Traditional shops, modern shops and malls create a mixture of shopping opportunities in Ganja. Javad Khan Street is the traditional shopping street that is located in the old town. Constructed between 2014 and 2017, Ganja Mall is considered the city's largest mall. Other shopping centers include Khamsa Park, Taghiyev Mall and Aura Park.

Ganja is one of the famous tourist destinations in Azerbaijan with its historic buildings such as Nizami Mausoleum, Ancient gates, Juma Mosque, Imamzadeh, Tomb of Javad Khan, Chokak Hamam, Shah Abbas Caravanserai and Ugurlu Bay Caravanserai.

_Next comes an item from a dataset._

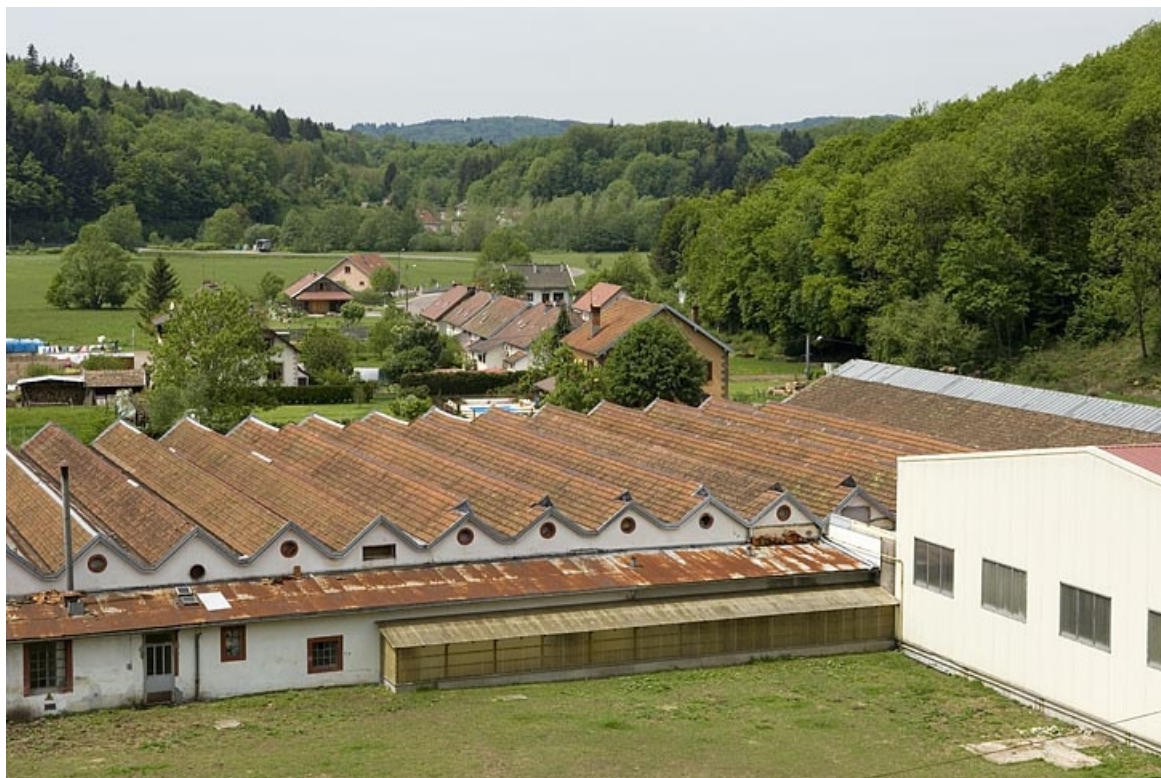
Vue plongeante depuis l'est. Extrémité nord. 70, Belonchamp, lieudit : le Raddon

Other tourist and entertainment spots include Javad khan street, Triumphal Arch near Heydar Aliyev Center, the Bottle House, Flag square, Hajikend resort zone. Goygol National Park with the sceneries of lake Goygol, lake Maralgol, Mount Kapaz and Mount Murov are located near Ganja.

In 2016, Ganja was selected as the European Youth Capital by the final decision of international jury at the General Assembly of the European Youth Forum. Ganja became the first city to win the title of European Youth Capital among the former Commonwealth Independent States (CIS) and non-EU cities. It was an event with a budget of 5.7 million euros, projected to boost tourism by about one-fifth.

==Culture==

Some of the city landmarks include Gates of Ganja.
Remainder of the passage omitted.